** SUPPLIED MATERIAL **
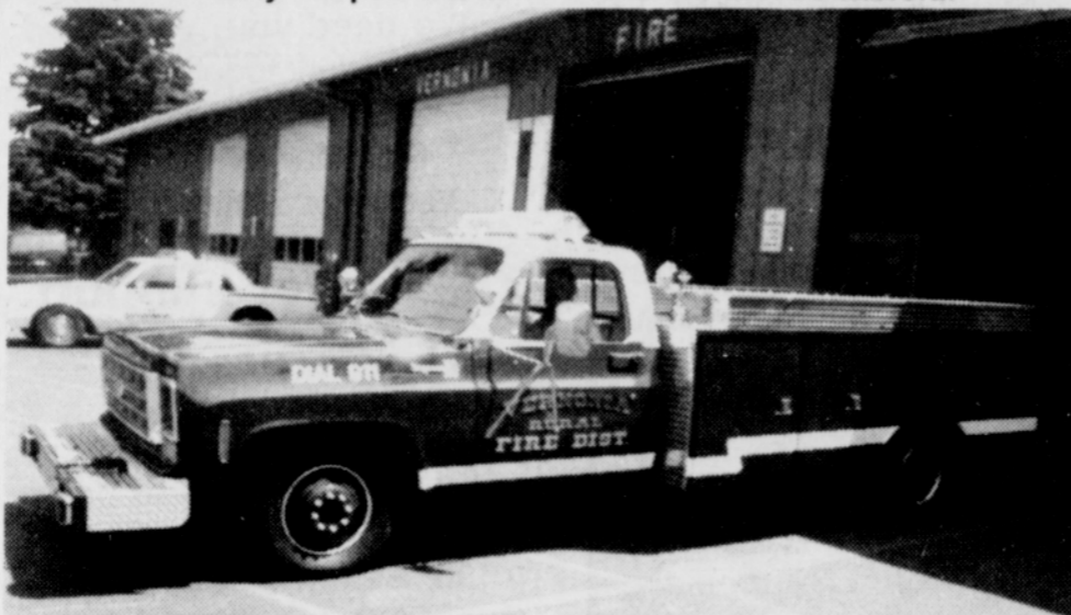
A new first response foam and rescue unit for the Vernonia Rural Fire District utilizes the chassis of an old ambulance.

For special situations during Vernonia's annual Friendship Jamboree, see the Vernonia Jamboree tabloid.
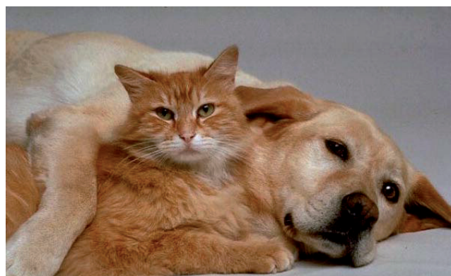
Fig. 1. Conflict of interest is a condition, not necessarily a behaviour. Dogs generally chase cats, but there are plenty of examples of them living together harmoniously.

Two important points emerge from this definition. The first is that COI is a condition and not necessarily a behaviour. It may be said for instance, that dogs generally chase cats, yet there are plenty of examples of the two living together in harmony (Fig. 1). Merely being a dog does not necessarily mean that a type of behaviour (chasing cats) has occurred – it simply means that on average a dog will chase ( behaviour ) a cat because of the condition of "being a dog". In other words, COI is a set of circumstances, interests or conditions that place the affected person in a position of potentially being influenced by those circumstances. It does not
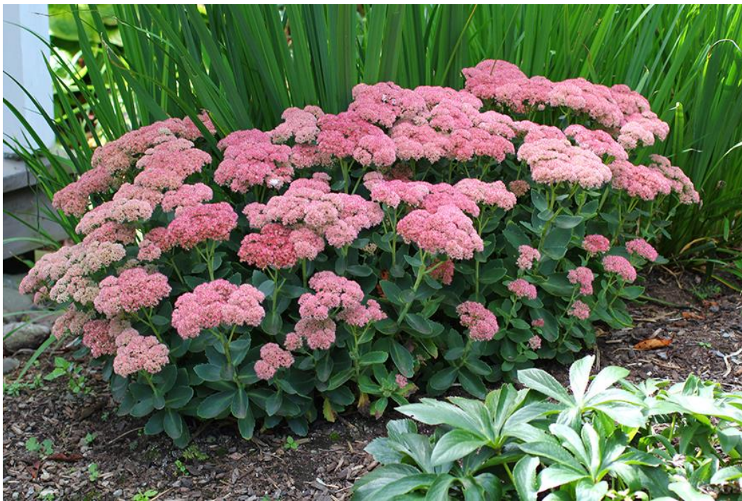
Figure 61 – Autumn Joy Stonecrop
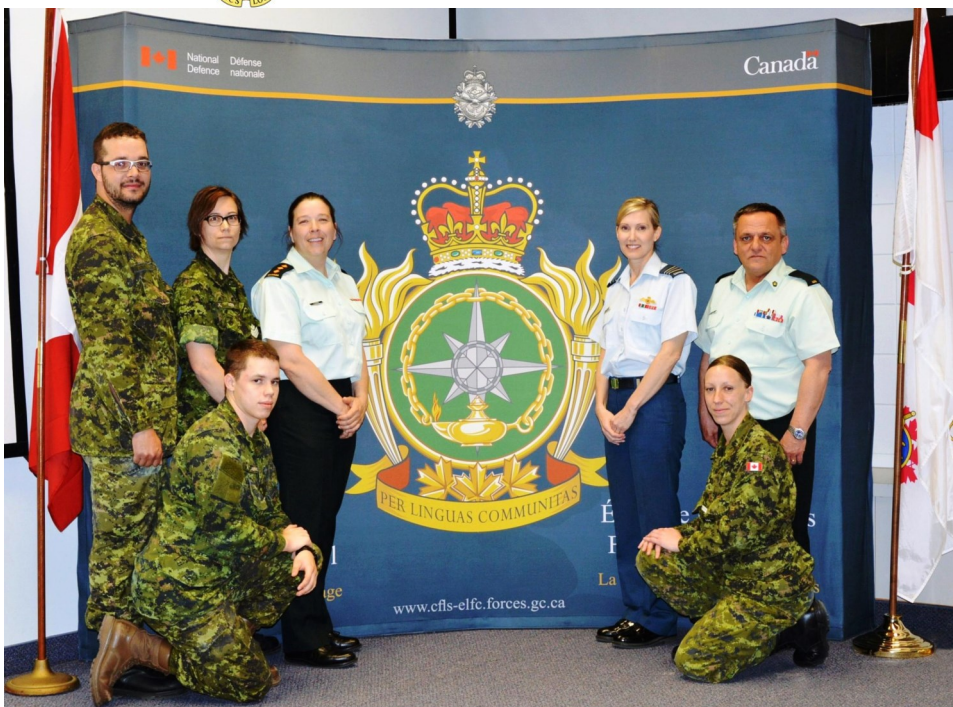
Logisticians from CFLS HQ and the National Capital Region Training Company (NCR Trg Coy) in spring 2016.

I also quickly noticed how many choice positions the CFLS had to offer personnel from the Logistics Branch. Whether it was command positions for officers (DCmdt of the school, OC of Det Saint-Jean and 2IC of Det Saint-Jean) or other NCM positions (administration officer/chief clerk, orderly room supervisor, clerk, Canadian Division coordinator, supply section supervisor and supply
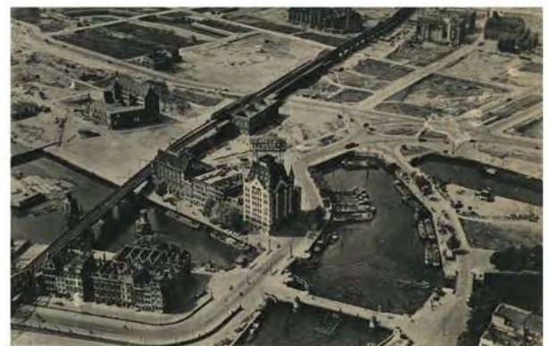
Figure 7a. Rotterdam, Oude Haven before bombardment, 1933. Collection City Archives of Rotterdam, collection 4232, specific number 1970-483, 1933 Figure 7b. Rotterdam, Oude Haven after bombardment, 1946. Collection City Archives of Rotterdam, collection 4232, specific number III-257-19a, 1946
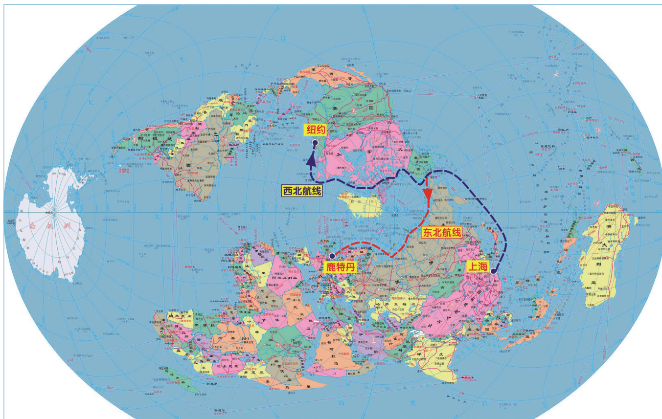
Figure 2. A Chinese view of Arctic sea routes

The captions label Shanghai, Rotterdam, New York, the 'North East Sea Route' (red) and the 'North West Sea Route' (blue).

** EXERCISE **
Pictures are to be dropped, and the lines from the line with "Figure 61 – Autumn Joy Stonecrop" through the end of the material above are to be reproduced exactly.

** EXERCISE OUTPUT **
Figure 61 – Autumn Joy Stonecrop
Logisticians from CFLS HQ and the National Capital Region Training Company (NCR Trg Coy) in spring 2016.

I also quickly noticed how many choice positions the CFLS had to offer personnel from the Logistics Branch. Whether it was command positions for officers (DCmdt of the school, OC of Det Saint-Jean and 2IC of Det Saint-Jean) or other NCM positions (administration officer/chief clerk, orderly room supervisor, clerk, Canadian Division coordinator, supply section supervisor and supply
Figure 7a. Rotterdam, Oude Haven before bombardment, 1933. Collection City Archives of Rotterdam, collection 4232, specific number 1970-483, 1933 Figure 7b. Rotterdam, Oude Haven after bombardment, 1946. Collection City Archives of Rotterdam, collection 4232, specific number III-257-19a, 1946
Figure 2. A Chinese view of Arctic sea routes

The captions label Shanghai, Rotterdam, New York, the 'North East Sea Route' (red) and the 'North West Sea Route' (blue).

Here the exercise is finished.